WORK TO BE COMPLETED - Using the data below, output a verbatim copy of the lines between the one holding "Middleton Hall - The Jettied Building" and the one holding "Kappel winter 1919-1920", inclusive, without any pictures.

EXTRACTED ENTRIES -
= Beginning of Section =

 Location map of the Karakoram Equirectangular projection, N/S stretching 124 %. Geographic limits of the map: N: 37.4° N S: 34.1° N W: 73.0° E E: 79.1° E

= End of Section =
= Beginning of Section =

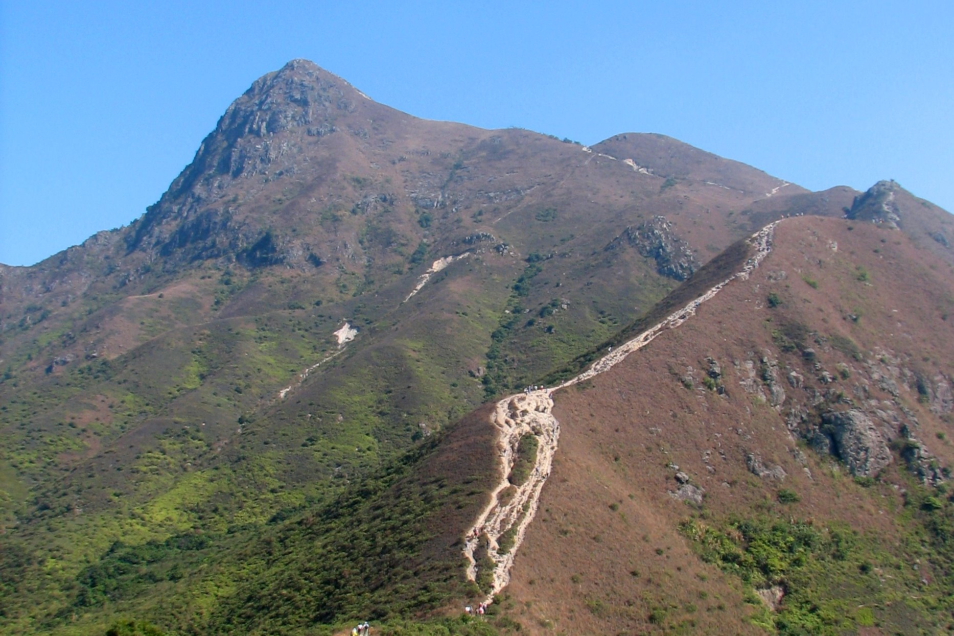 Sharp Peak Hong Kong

= End of Section =
= Beginning of Section =

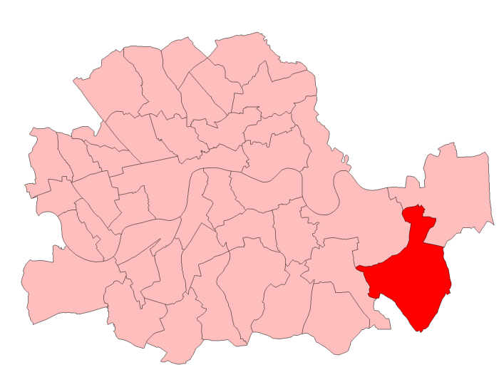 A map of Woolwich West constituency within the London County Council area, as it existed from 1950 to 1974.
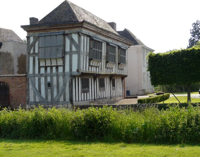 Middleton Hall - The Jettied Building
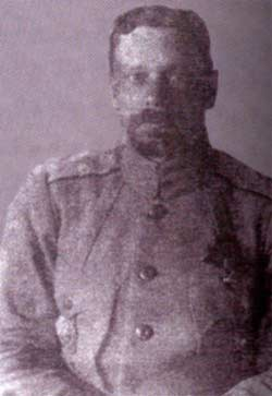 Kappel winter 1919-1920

= End of Section =

EXPECTED ANSWER -
 Middleton Hall - The Jettied Building
 Kappel winter 1919-1920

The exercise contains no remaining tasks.